KANDAHAR, Afghanistan – A suspected homicide bomber detonated explosives in a car near a convoy of foreign soldiers in the southern Afghan city of Kandahar on Monday, killing himself and wounding two passers-by, the local governor said.
There was no damage to the convoy and none of the foreign soldiers were hurt, Kandahar city Gov. Asadullah Khalid said.
He said the convoy consisted of U.S. troops, but other local officials said they were Canadian. An Associated Press reporter at the scene said he saw U.S. and Canadian military vehicles.
A U.S. military spokesman said he had no information on the blast.
Police and Afghan soldiers, as well as foreign troops, cordoned off the area.
Khalid identified the wounded passers-by as a woman and a child. Both were taken to a local hospital, he said.
The blast follows a string of homAfghan icide attacks and comes days after a top Taliban rebel commander, Mullah Dadullah, claimed that more than 200 insurgents were willing to kill themselves in assaults on U.S. forces and their allies.

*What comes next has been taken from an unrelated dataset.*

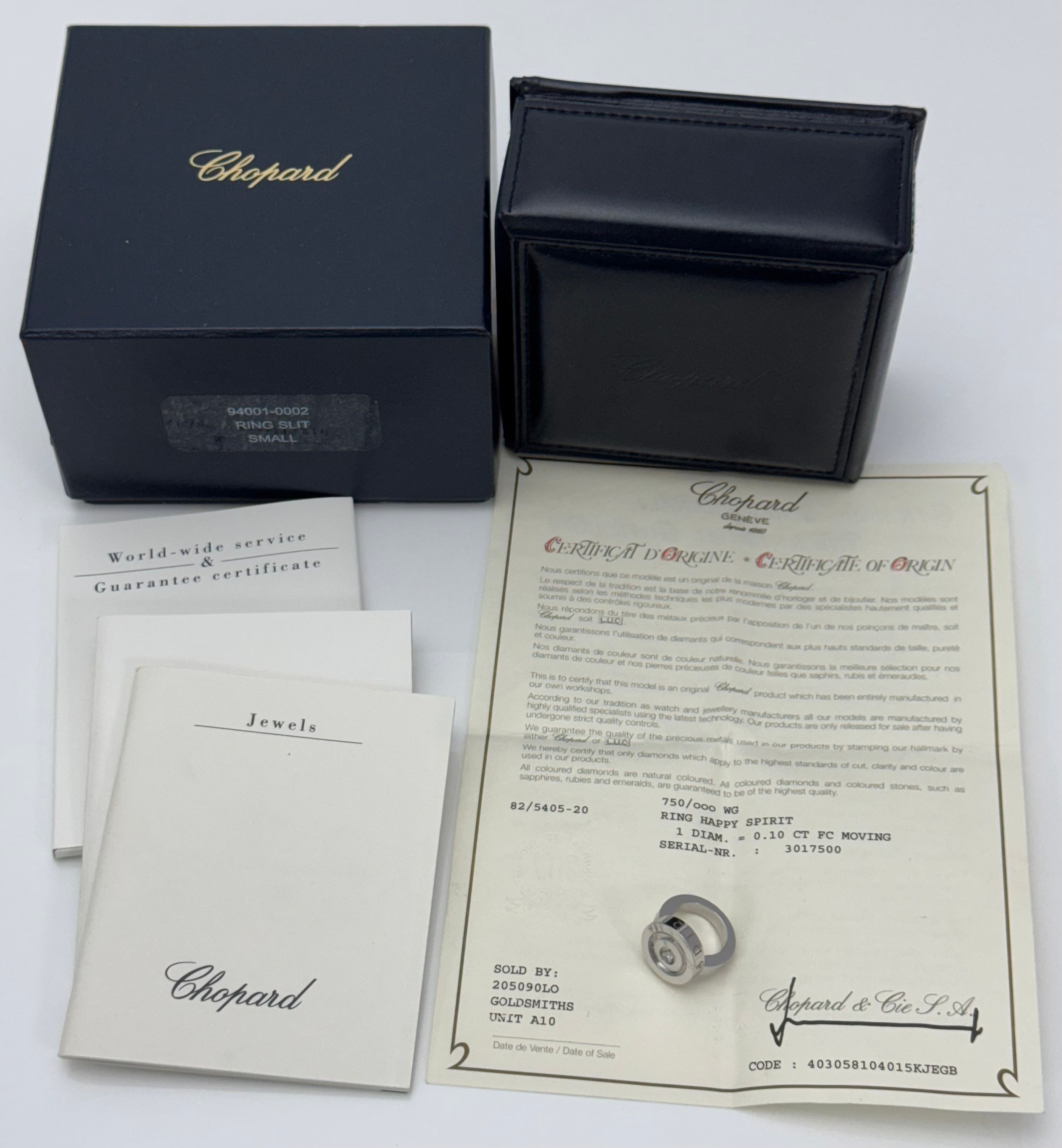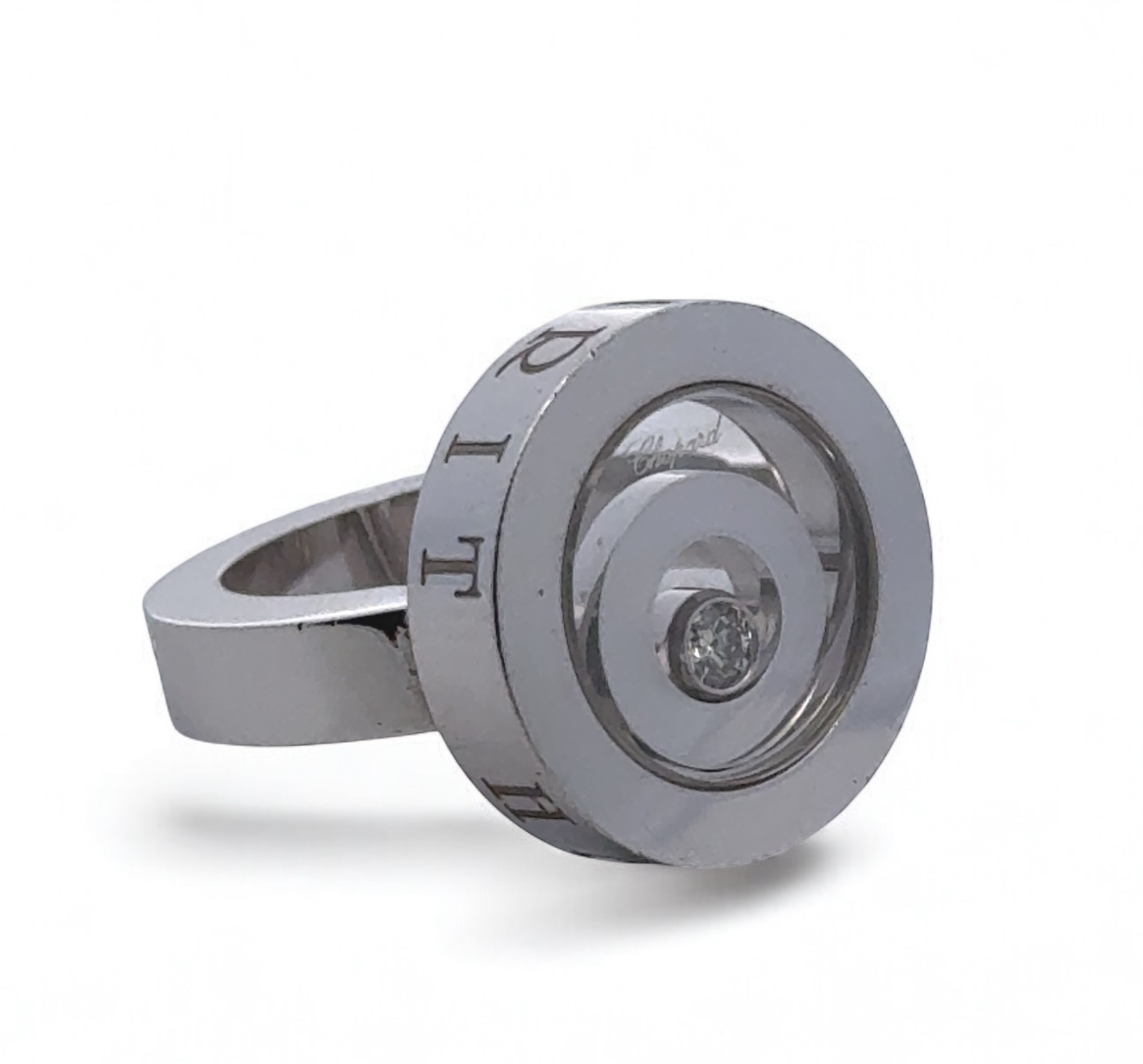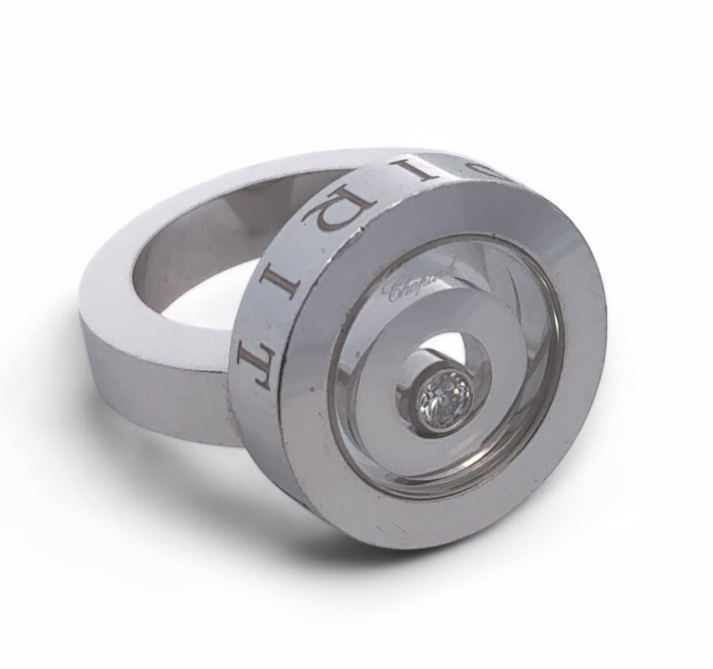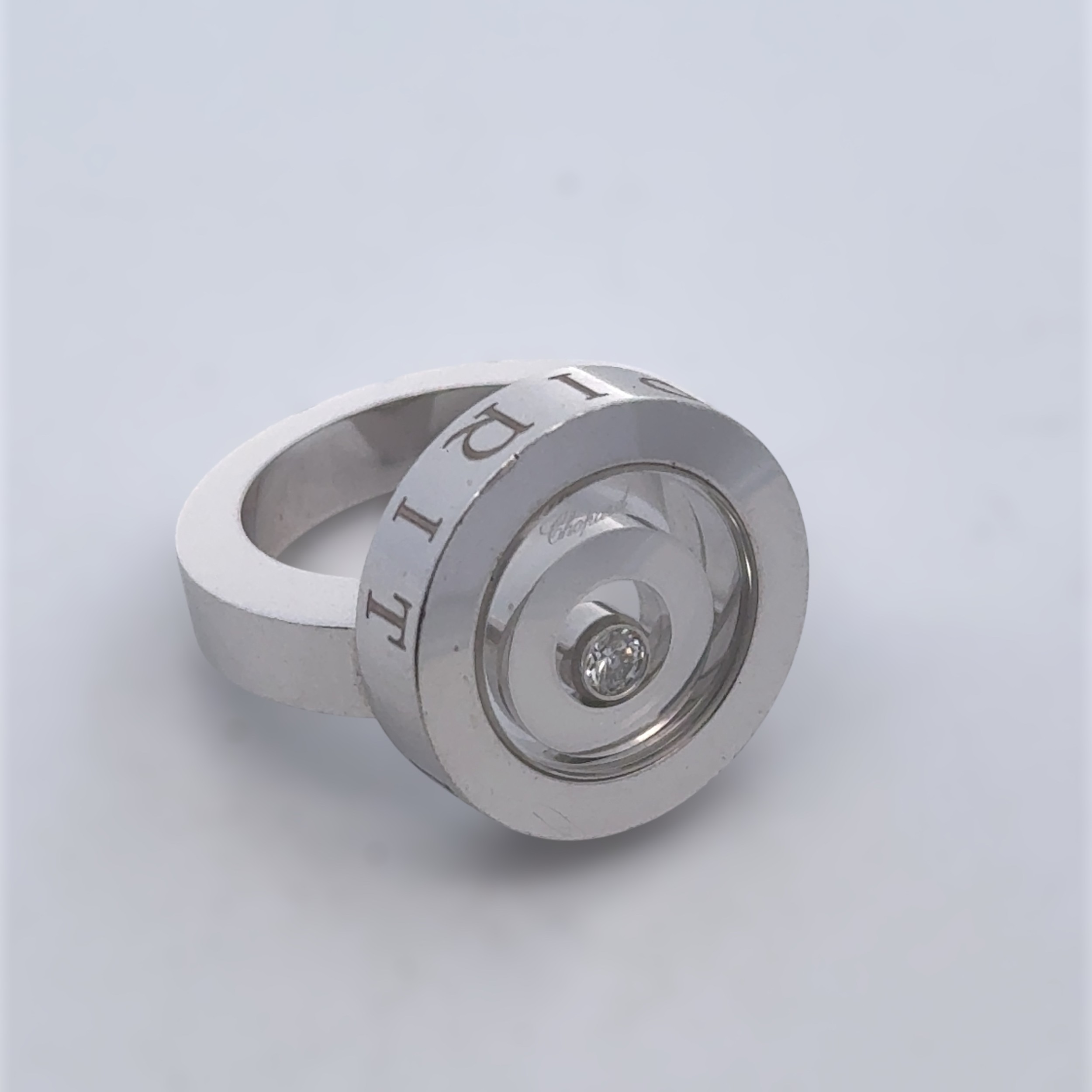 A Chopard 'Happy Spirit' 18ct white gold ring, size I. Designed as concentric circles beneath a glazed compartment revealing a ‘floating’ brilliant-cut diamond. Glazed compartment signed ‘Chopard’, the sides of the bezel inscribed ‘Happy Spirit. Stamped ‘750’ and numbered ‘3017500.’ In Chopard case and box, accompanied by Chopard booklets and Certificate of Origin.

Afghanistan's government dismissed the claim as propaganda, though President Hamid Karzai said last month that he expects attacks to continue.
Last year was the deadliest in Afghanistan since U.S.-led forces ousted the Taliban in 2001 for harboring Usama bin Laden. The fighting killed about 1,600 people as militants belonging to the Taliban, Al Qaeda and other groups have stepped up attacks.